Table 7. Ablation studies of the structure of UCLRAM on PASCAL VOC2007.

Version	mAP	FLOPs	Params (M)	FPS
UCLRAM-lite1	72.7	90.66	38.34	24.6
UCLRAM-lite2	72.9	85.71	36.59	24.9
UCLRAM-RSEM1	73.2	92.08	51.18	23.6
UCLRAM	73.4	89.25	45.31	24.1

.

In this case, UCLRAM-lite1 removes the three bottom-up convolutional layers of stage2 and stage3 from the UCLRAM on the structure shown in Figure 4, turning the three-input nodes into two-input nodes. The UCLRAM-lite2 version replaces the convolution of all cross-layer residuals with MaxPooling. As seen in Table 7, the accuracy of the UCLRAM-lite2 version is 0.5% different from the original version. However, its number of parameters is essentially the same as that of the FPN. The FPS is also higher than the structure shown in Figure 4, which better balances the contradiction between accuracy and the number of parameters.

In addition, we explored RSEM’s impact on the UCLRAM structure. The UCLRAM-RSEM2 version uses RSEM as a guide behind all aggregation nodes, and as can be seen from the data in Table 7, it is less accurate than the structure shown in Figure 4, and the number of parameters has increased.

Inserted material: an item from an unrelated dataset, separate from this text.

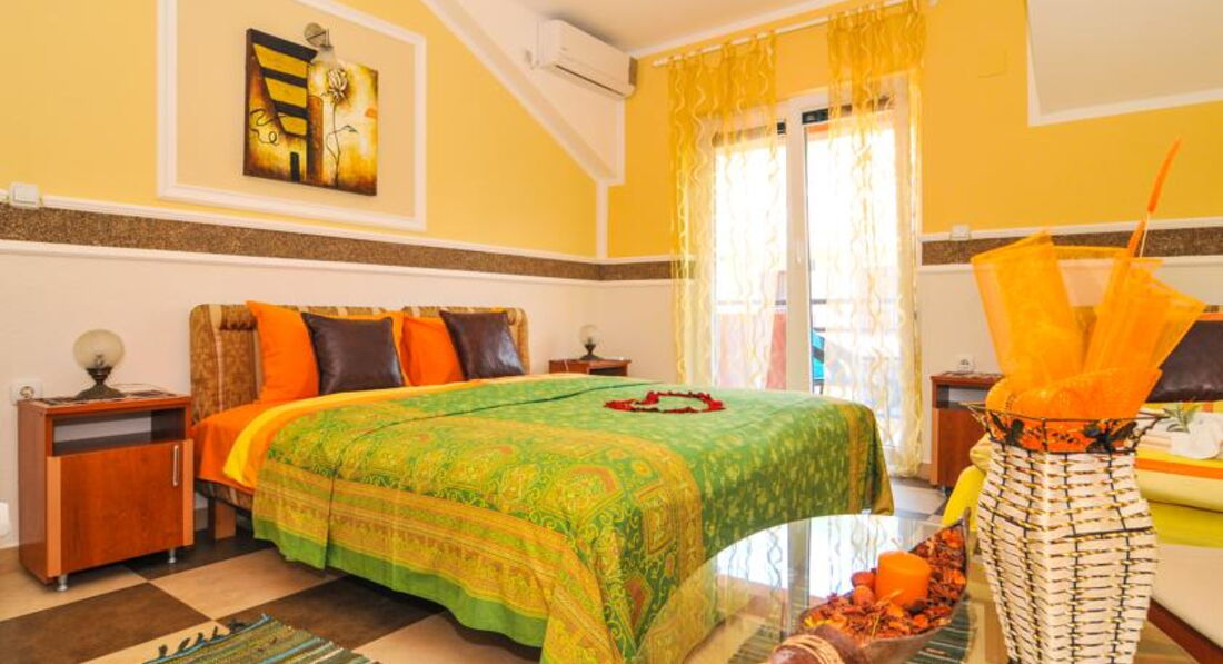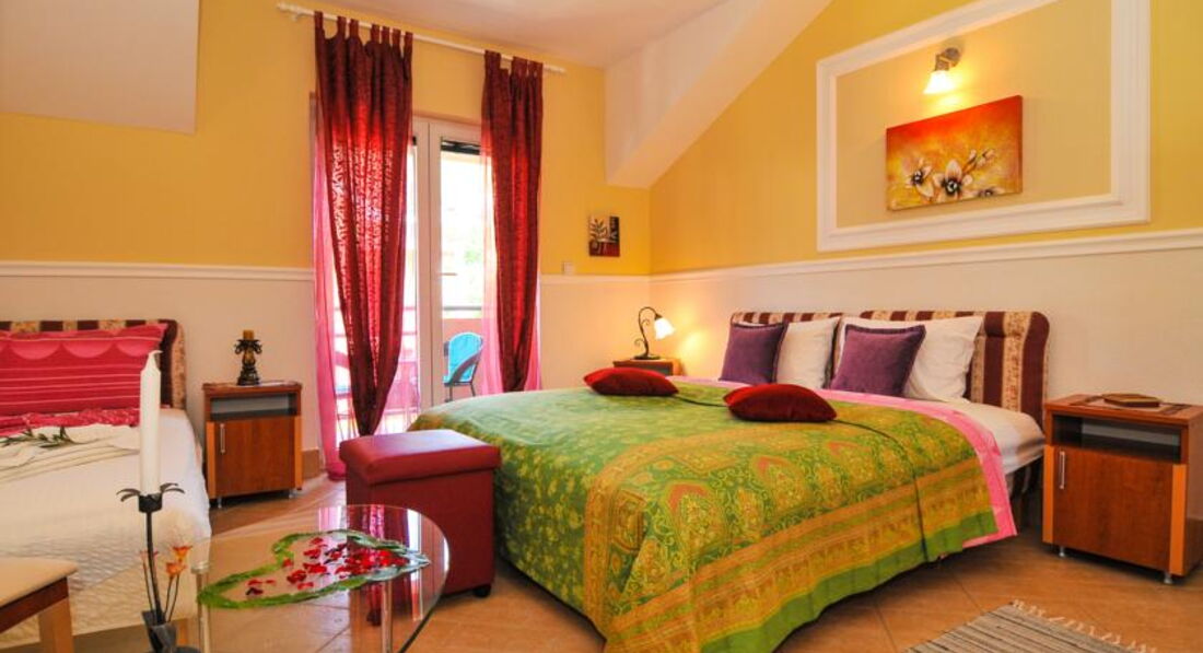 APP 1 (4 особи): 58 кв.м., 2 поверх. Спальня з трьома ліжками, терасою, вітальня з виходом у сад, всього 4 місця + дитяче ліжечко.

4.4.2. Ablation Studies for Each Component

We analyzed two components in MSRA-FPN and performed an ablation study on the PASCAL VOC2007 dataset. The experimental results are shown in

Table 8. Ablation studies of each component of MSRA-FPN on PASCAL VOC2007.

UCLRAM	RSEM	mAP	GFLOPs	Params (M)	FPS
		71.8	85.05	36.5	26.1
✓		73.0	92.08	40.11	24.4
✓	✓	73.4	89.25	45.31	24.1

. As can be seen from the results in Table 8, our proposed UCLRAM structure improves by 1.2% compared with FPN, and the addition of CGB structure improves MSRA-FPN by 0.4%. From this, it can be concluded that each module of our proposed method has a meaningful impact on object detection performance.

5. Conclusions

We propose an enhanced Feature Pyramid Network MSRA-FPN that aggregates multi-scale information more effectively to combat attenuation during information propagation and enhances the detection and recognition of large objects. In particular, MSRA-FPN uses UCLRAM to converge feature information from different scales to the top layer through a triangular structure from the bottom to enhance the semantic information of the high-level features and then uses RSEM to mitigate the semantic overlap that occurs during the fusion of multi-scale feature maps. The experimental results show that on the PASCAL VOC dataset, our proposed method improves the performance of the baseline model by 0.5–1.9% and is highly competitive with other state-of-the-art FPN-based methods. We also validate the effectiveness of MSRA-FPN on MS COCO. In addition, experiments have been conducted on TKFD to verify the effectiveness of the proposed method for detecting figure objects in Thangkas. However, there are still some problems with the MSRA-FPN. For example, its performance on a two-stage detector is much inferior to that on a single-stage detector. In future work, we will attempt to continue to improve MSRA-FPN for a variety of different types of tasks and detectors and to validate its performance on a larger object detection dataset.